Hi,

Dimitri Fontaine wrote:
This part of Markus's mail makes me think the need may change if Postgres-R is ever integrated into -core:

Yes, in that case, you'd have replication already compiled in and distributed with standard Postgres. However, ATM that's pipe dreaming and I'm pretty sure no developer (neither me nor Postgres hackers) want to mix code (and responsibility!) at this stage of development of Postgres-R.

The most I'd be willing to ask for at the moment would be to get a range of OIDs reserved for use in Postgres-R. It would not make sense at the moment to add the schema changes to stardard Postgres, because I will pretty have to change these again.

So currently to use Postgres-R you'd have to start with a patched code base at each and every node, because it's how Markus wanted to proceed (Postgres-R being a separated code base). In Postgres-R adding a node to the cluster is what is done without dump/restore cycle.

Yup.

Now that he's Open-Sourcing the solution, I hope to see this mode of operation change, thanks to integration of some key part (catalog changes) of the project into -core, if possible.

Sorry, but at the moment, I disagree, because I think this would complicate matters for both projects. This might (and hopefully will) change, sure.

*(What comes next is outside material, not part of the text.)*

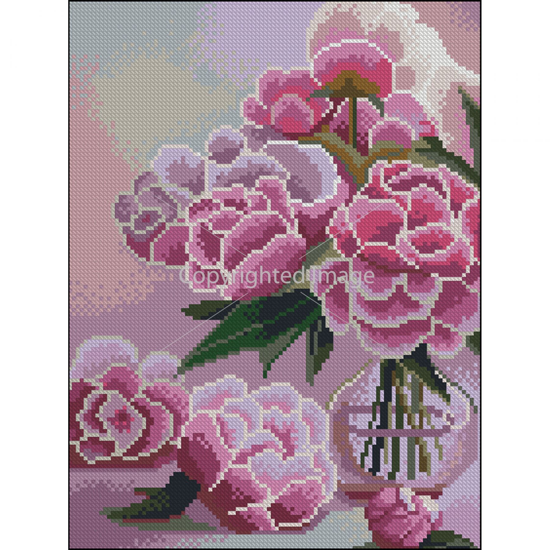 Алмазна мозаїка Strateg ПРЕМІУМ Рожеві півонії без підрамника розміром 30х40 см (ZAV3040-44)

But we are not there, yet.

Note that while slony doesn't require a dump/restore to get activated, it seems to me (as a non user of it) that it still plays with catalog, preventing "normal" usage of pg_dump...

Oh, does it? Well, it obviously doesn't require a Postmaster restart, nor does it add a separate background process.

I'm not sure which disease I prefer: not being able to dump/restore normally or getting to have to restore on a specific product version, not the -core one.

I think this process of moving between ordinary Postgres and Postgres-R schema variants for the same(!) major version can be automated. It would be a pretty small pg_upgrade sort of tool. I'm not that afraid of these schema changes. Heck, in the worst case, we could even let Postgres-R add them itself during startup.

Sorry if this sounds a little rude. I've just had the 'why isn't Postgres-R integrated?' discussion a little too often.